ドイツ語の授業に行くのがちょっぴり嫌だった。
気が重くて、あんまり乗り気になれず、ぎりぎりまで家にいた。
春休みに断った弦楽カルテットのチェリストがいるかもしれない、彼女とどんなふうに話したらいいのか、どんな顔をしたらいいのかわからない。
もう一つ断ったピアノトリオのピアニストとはあまり話したくない。自意識過剰な気がするけれど、なんだか彼のいろんな意味での視線を感じるのでできれば避けたい。
「断る」側の葛藤など知らずに、相手は「断られた」という事実だけを手にしているから、「断る」側の気持ちはとても重たい。
足取り重く、1分前に教室に到着して、比較的仲の良い友人の横に席を取った。
教室を見渡してみて、あ、ピアニストの彼女は授業を取っていないんだと気がつく。一つ重荷を下ろせた。
授業時間を過ぎてから、隣に座ってきたのは噂のピアニスト。挨拶もなく、私を飛び越えて韓国語でおしゃべりを始めるので、そういう人間か、とわたしの中での分類が変わった。

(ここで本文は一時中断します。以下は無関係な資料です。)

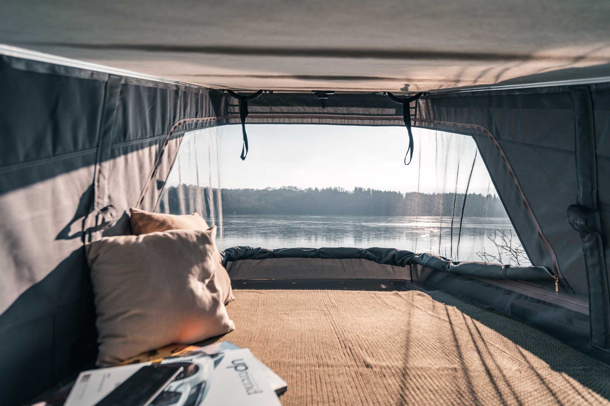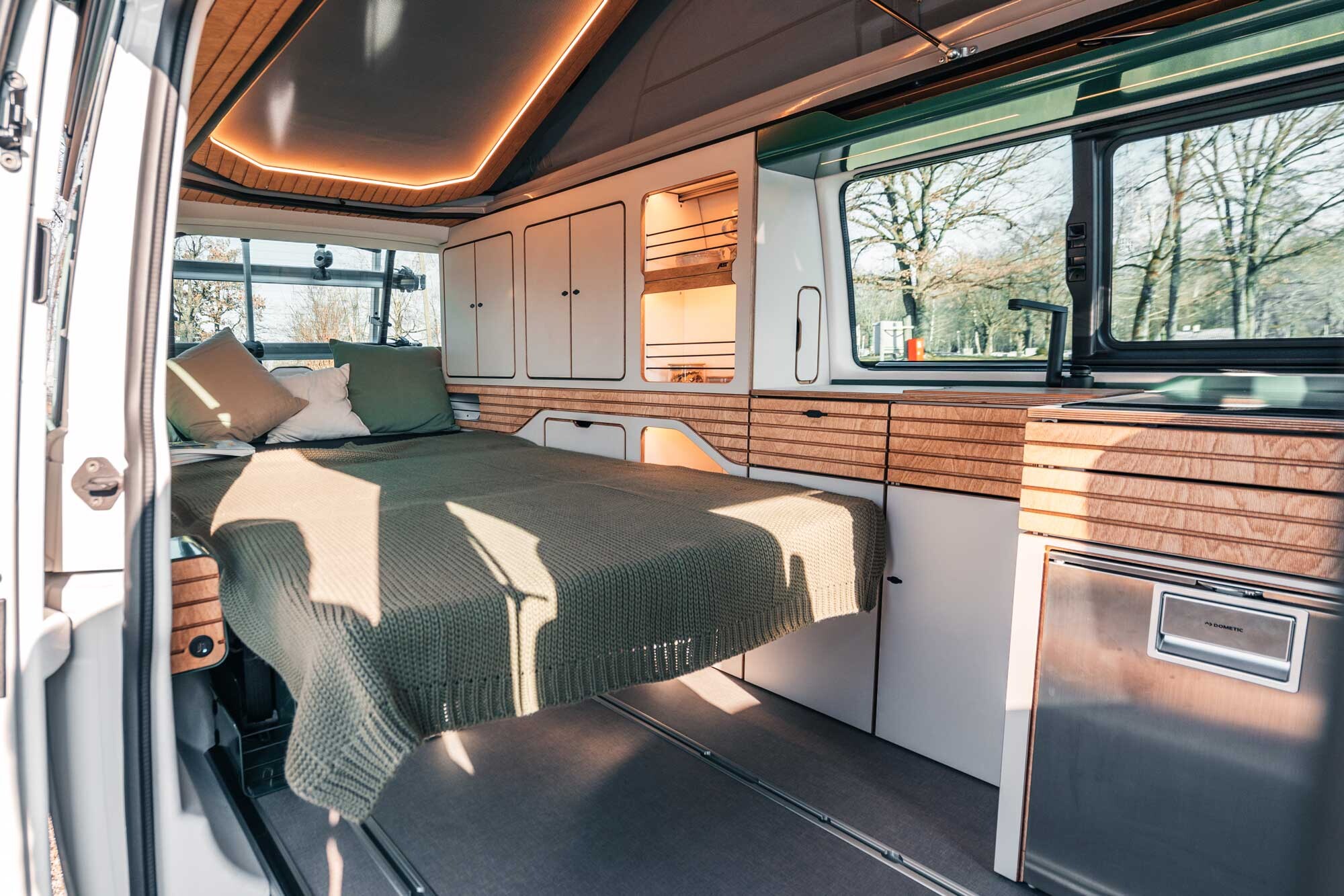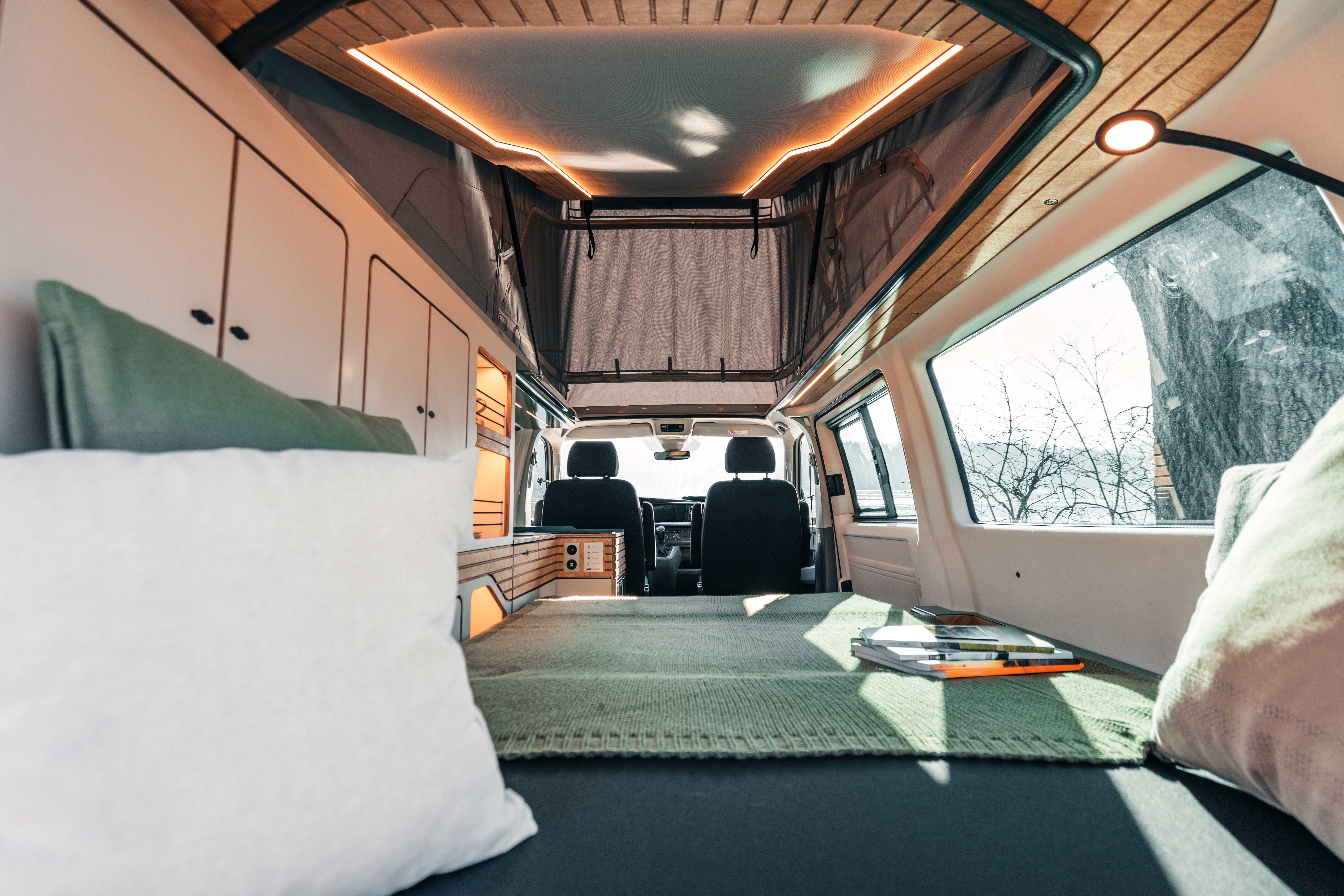 Das Äußere des Wohnmobils ist mit einem Canning-Baldachin, Ambientebeleuchtung und einem Solarmodul ausgestattet, das bis zu 352 Wp Leistung und Versorgung vereint 1900 Wh Lithium-Batterie, wodurch es autark und netzunabhängig betrieben werden kann. Ein Wechselrichter zur Umwandlung von Strom in 220 V ist ebenfalls erhältlich. Bei der Fahrt auf einem Satz 18-Zoll-ABT-Felgen in glänzendem Schwarz, die mit Gummi umwickelt sind Goodyear Eagle F1strahlt die gesamte Ausstattung einen Hauch von Raffinesse und Abenteuer aus.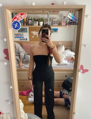 Mono largo de corte recto y diseño sin tirantes. Una prenda versátil y sofisticada. - Tejido suave y cómodo. - Cintura entallada. - Piernas anchas.
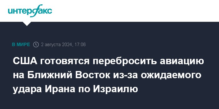 "Американские официальные лица заявили в пятницу, что США готовятся направить дополнительные боевые самолеты на Ближний Восток в ответ на угрозы Ирана и подконтрольных ему сил в секторе Газа, Ливане и Йемене атаковать Израиль в предстоящие дни в качестве мести за смерть главы политбюро ХАМАС Исмаила Хании", - информирует газета.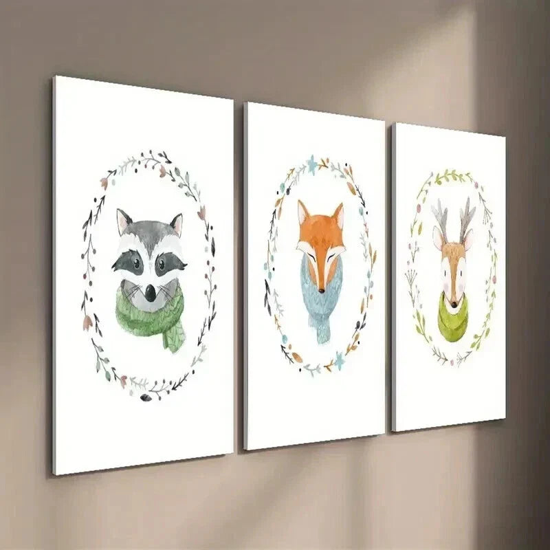 3pcs Cartoon Flower Crown Fox Deer Raccoon Wall Art Set Canvas Framed 40x60cm - High Quality Print 100% Australian Made Wall Canvas Ready to Hang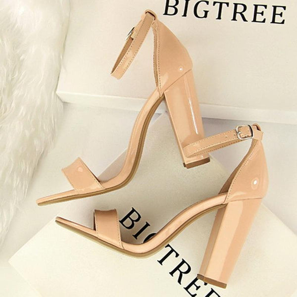BIGTREE Women Shoes Summer High Heels Simple Chunky Sexy Nightclub Ankle Strap Sandals, Size: 37(Black)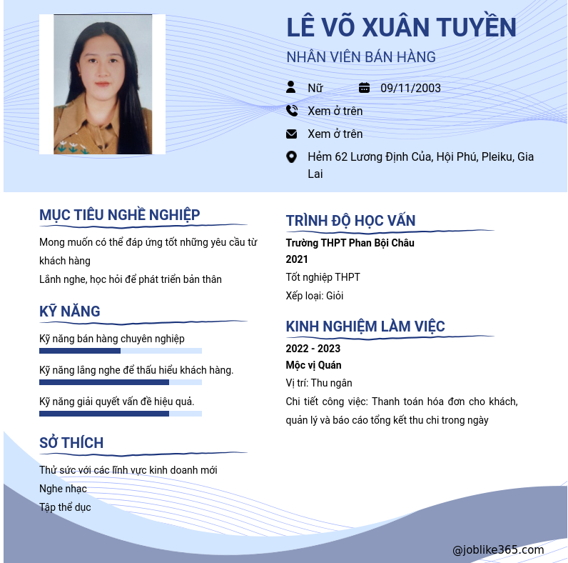 Xem hồ sơ ứng viên LÊ VÕ XUÂN TUYỀN cần 2 điểm. Hồ sơ được cập nhật ngày: 12/06/2024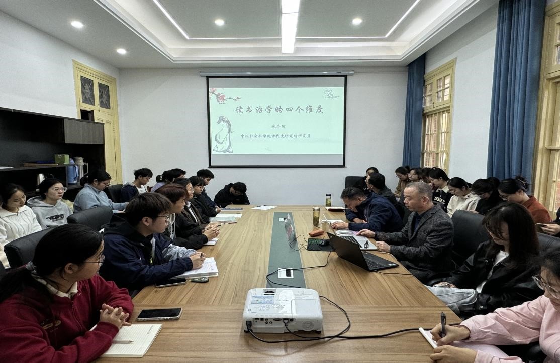 11月7日,中国社会科学院清史研究室主任、中国社会科学院大学历史学院博士生导师林存阳应邀做客敬敷人文讲坛,在菱湖校区红楼二楼会议室作了题为“读书治学的四个维度”的学术讲座。讲座由开云kaiyun网站董根明教授主持,部分青年教师和研究生、本科生参与了此次活动。

授業内で隣同士でグループを、と言われたけれど、進捗状況の具合で同じグループになることを回避。
新しい友人に囲まれて、新しい時間が過ぎていく。
もし、今日授業に行かなかったらずっともやもやとしたグレーな綿を抱えていた。
一歩踏み出せば、踏み出した分だけ変わる。
そして行ってみれば案外新しい出会いも待っていて、古くてわたしが必要としない縁は簡単に朽ちてくれる。
大丈夫、今日もひとつ前に進めたよ。